= Timmons & Company =

American lobbying firm based in Washington, D.C.

Timmons & Company is an American lobbying firm based in Washington, D.C. After William Timmons left the Ford White House in 1975, he founded this company along with Tom Korologos, who had reported to Timmons as Richard Nixon's White House legislative liaison.

==Business aspects==

The company has been described as ranking among the twenty most lucrative lobbying firms, with reported earnings of around $65 million since the start of public disclosures in 1998. Also described as small but influential and bipartisan, it has founders and clients from both sides of the political spectrum, including company president Larry Harlow; a veteran of the Reagan and first Bush administrations, and company vice president Dan Shapiro, a senior policy advisor for the Obama campaign.
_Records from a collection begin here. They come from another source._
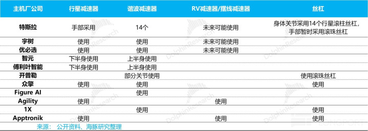 表 主机厂公司身体要津使用延缓器和丝杠的情况
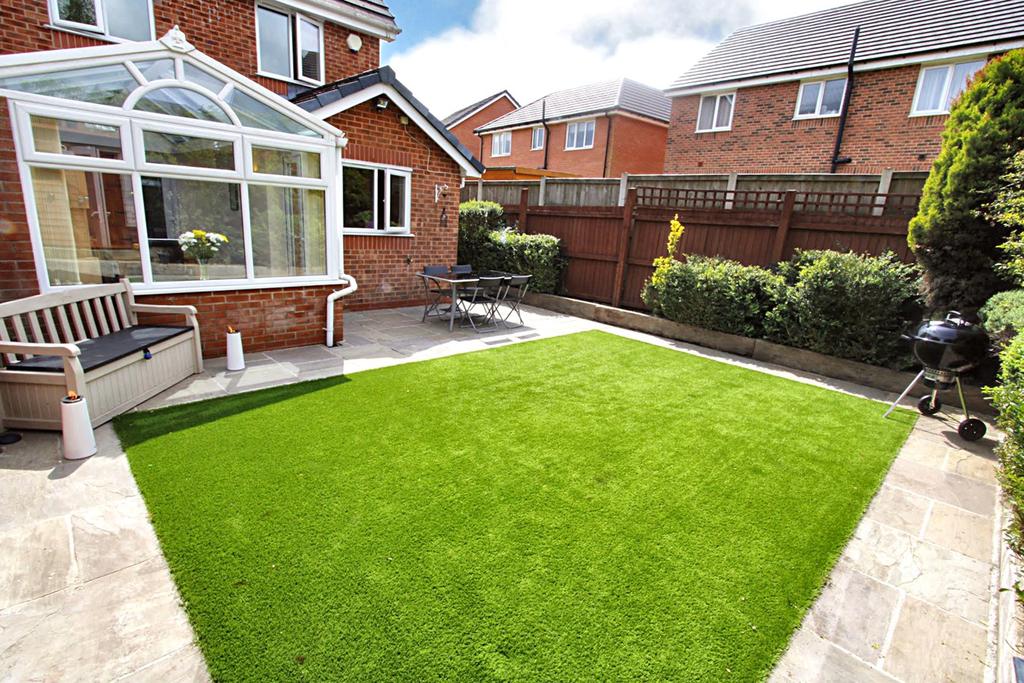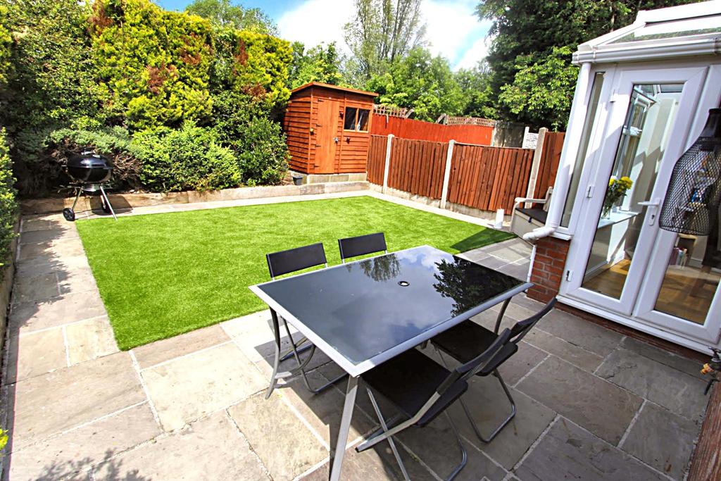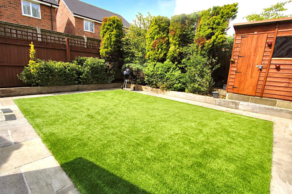 Exceptional rear garden with Indian stone patio and premium Wonder Yarn artificial lawn area. Shed to the rear of the garden. Long side access path. Garage and shed.
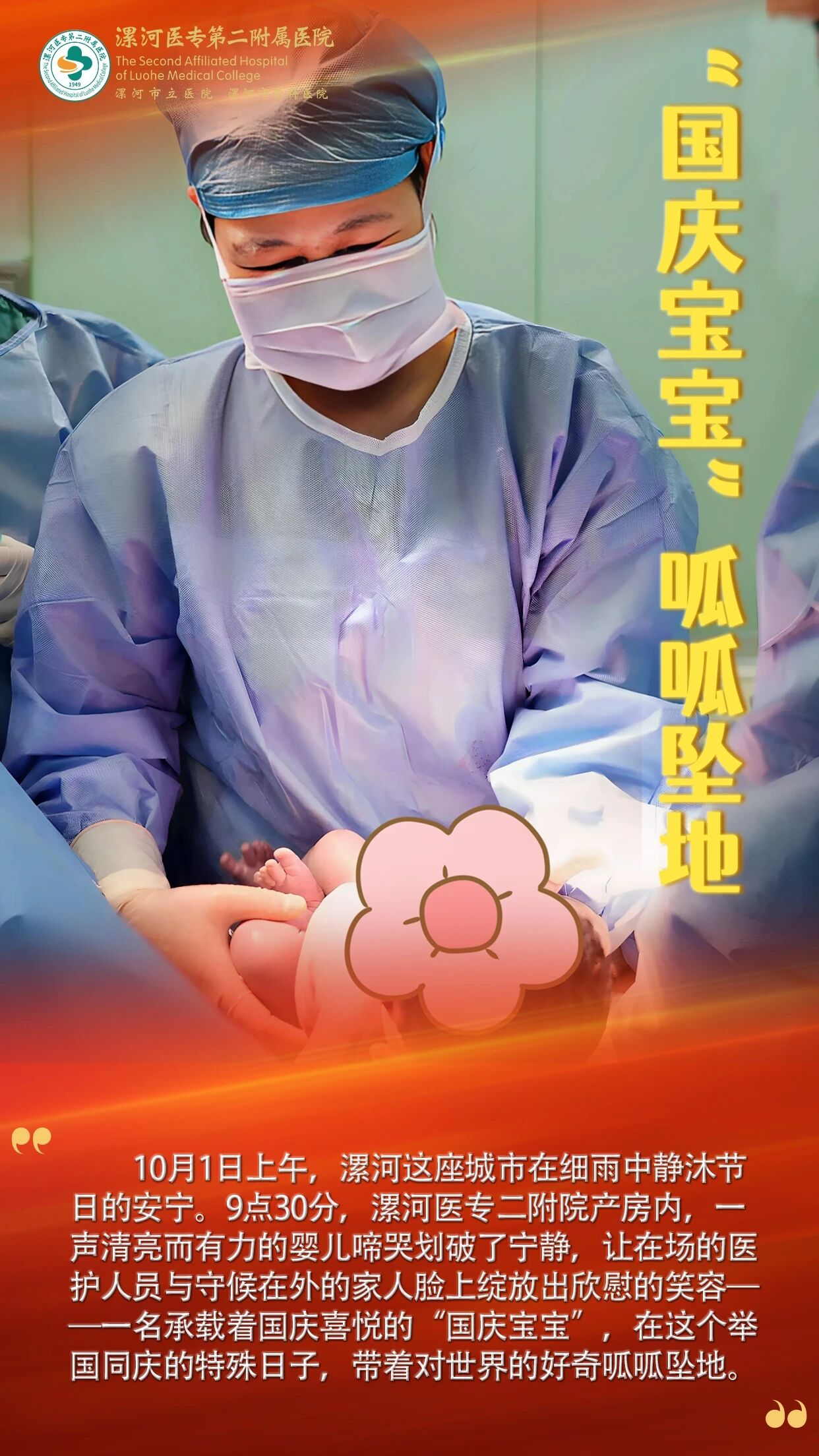 10月1日上午,漯河這座城市在細雨中靜沐節(jié)日的安寧。9點30分,漯河醫(yī)專二附院產(chǎn)房內(nèi),一聲清亮而有力的嬰兒啼哭劃破了寧靜,讓在場的醫(yī)護人員與守候在外的家人臉上綻放出欣慰的笑容——一名承載著國慶喜悅的“國慶寶寶”,在這個舉國同慶的特殊日子,帶著對世界的好奇呱呱墜地。
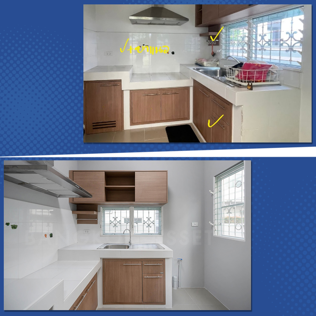 ห้องครัว ด้วยสภาพที่ยังดี เราซ่อมแซมเก็บงานให้จนกลับมาสวยใหม่เหมือนเดิม

According to a 2007 article in Politico, Timmons and Company used a unique business model to build their small, but influential firm:

Timmons & Co. caps its client roster and bills them all the same fee – with quarterly payments due in advance. It shuns big-name recruits, such as former senators and governors. It has never had a foreign client, and it has always been bipartisan. And, unlike many big firms, Timmons does not assign lobbyists to specific client accounts. Rather, they all work for all of their clients.

==Political mention==

In 2008, the Obama campaign referred to Timmons as "one of Washington’s most famous and powerful lobbyists" when Timmons was tapped for planning help by the McCain campaign. Time Magazine reported that Timmons's lobbying registrations "include work on a number of issues that have become flashpoints in the presidential campaign. He has registered to work on bills that deal with the regulations of troubled mortgage lenders Freddie Mac and Fannie Mae, a bill to provide farm subsidies, and bills that regulate domestic oil-drilling."

The Obama campaign hired Daniel Shapiro of this company as "senior adviser and Jewish outreach coordinator" in August 2008, after he "deregistered" as a lobbyist on August 11. Prior to his deregistration, he served Obama as an "unpaid advisor."